Michael D. Moberly November 1, 2012
As reported by the AP last week, Dyson, a large UK-based firm, known most for its bag-less and ball mounted home vacuum cleaners, filed legal proceedings against Bosch, a German competitor.
The legal action accused Bosch of having illegally obtained Dyson secrets, i.e., ‘digital motor technology’ through the efforts of an ‘insider’ working in Dyson’s R&D unit for perhaps as long as two years, according to the AP report.

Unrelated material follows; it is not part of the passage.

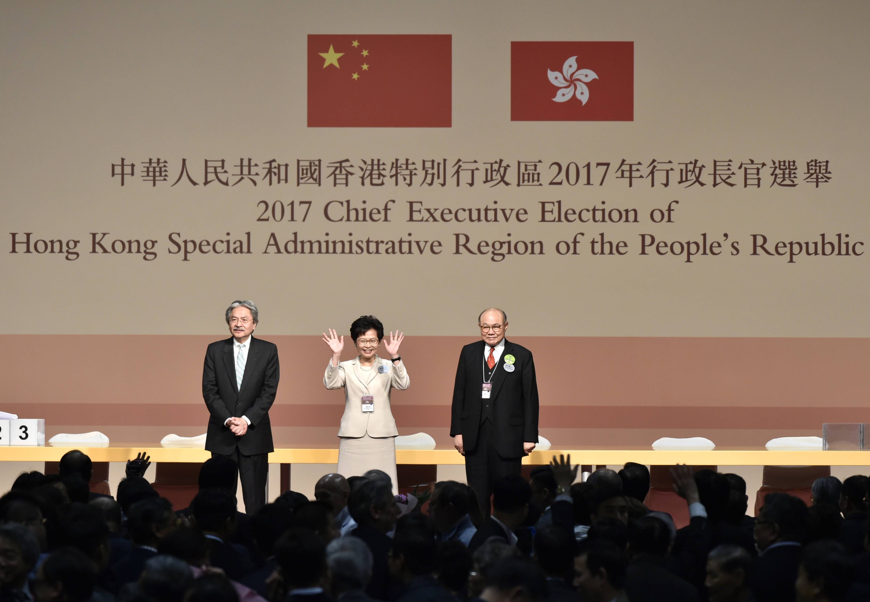香港特區第五屆行政長官選舉2017年3月26日在香港會議展覽中心舉行,上午9時至11時進行首輪投票。首輪投票結束後,票箱被運至中央點票站點票。選舉主任下午宣布點票結果:有效選票共1163票,林鄭月娥取得777票,由於候選人取得逾600票即可當選,選舉主任宣布林鄭月娥當選香港特別行政區第五任行政長官人選,而競選對手曾俊華獲得365票,胡國興獲得21票。

Dyson spokesperson characterized this insider as a ‘rogue engineer or mole’. On behalf of myself and numerous highly experienced (insider threat) colleagues, I’m confident we would all be hard pressed to suggest the term ‘rogue’ is an appropriate descriptor for such acts and/or behaviors. For us, ‘rogue’ implies a single or otherwise one-off experience, whereas we, based on sound research and personal experience are inclined to characterize insider threat(s), in which there is no shortage, as being persistent, globally asymmetric, generally sophisticated technologically and personally, and come embedded with numerous tangible – intangible (personal) motivators for doing what they do.
Interestingly, the AP reported, Dyson had confronted Bosch with evidence of the wrongdoing but Bosch…
- refused to return the alleged misappropriated (digital motor) technology, i.e., intellectual property, and
- failed to promise it would not to use the acquired know how or technology for its benefit, even though reports indicated Bosch had already benefitted.
These adverse responses from Bosch obviously left Dyson’s legal representatives – advisors with few reputation saving options, other than to take the legal action it did.
Is the term ‘mole’ an appropriate descriptor of insider threat today? To be sure it is! In the court filings, Dyson also alleged that Bosch paid this individual (aka the mole) through a separate (unincorporated) business that apparently had been created precisely for such purposes, which is, presumably to exploit – execute insider risks and threats, which it is further alleged, certain senior Bosch management were well aware.
Bosch disputed, or at least tried to mitigate some of the allegations, one of which pointed out that Dyson had employed this individual, i.e., the mole, with a preexisting consultancy agreement with Bosch Lawn and Garden Ltd. in relation to garden products, and not vacuum cleaners or hand dryers. Too, Bosch, expressed regret that Dyson had elected pursue legal action in this matter, saying it has been trying to establish what happened and what, if any, confidential information was supposedly passed and/or actually received.
Should Dyson’s allegations eventually be established (proven), it would be no great surprise to see some manner of economic settlement in advance of a trial.
Before finishing though, I hold a somewhat different view about what Dyson’s competitor was likely (actually) targeting in this instance, and it should not be simply described as intellectual property!.
As stated numerous times in this blog, I have worked, studied, and conducted much research on intangible assets relative to economic/industrial espionage in many different circumstances over the past 25+ years. A deep understanding (business appreciation) of global economic – competitive advantage adversaries, suggests any insider threat – risk equation should absolutely include an adversary’s ability to understand and/or replicate the intangible assets they frequently target and successfully acquire, i.e., the intellectual and structural capital and know how that’s embedded in any alleged misappropriated or stolen intellectual property.
After all, it is an economic fact – business reality that intangible assets today, comprise 65+% of most company’s value, sources of revenue, and building blocks for growth, sustainability, and profitability. It seems quite correct then to state with much conviction, that the intangible assets which are absolutely essential to achieving competitive advantages, building product/service quality, creating efficiencies, and achieving market position are what’s being targeted, not merely IP, other than, of course trade secrets.
There’s no question, companies – competitors engaged in using stolen intangibles, do so because they have, in most instances, an equally strong desire to compete globally and in the same market space as the rightful holder, owner, and/or developer of the valuable and competitive advantage driving intangible assets being targeted.
Know how (intellectual capital) can, to be sure, be classified as proprietary information or trade secrets (providing the holder consistently executes and meets the six requisites of trade secrecy). Either way, I can confidently report that companies would be well served if they identified and safeguarded the contributory value of the intangible assets that underlie all of their IP, because that’s what the adversaries need, want, and seek most!
So, to effectively mitigate insider risks-threats, the contributory value of intangible assets companies produce, should become a routinely visited, if not a permanent fixture on every company’s c-suite agenda!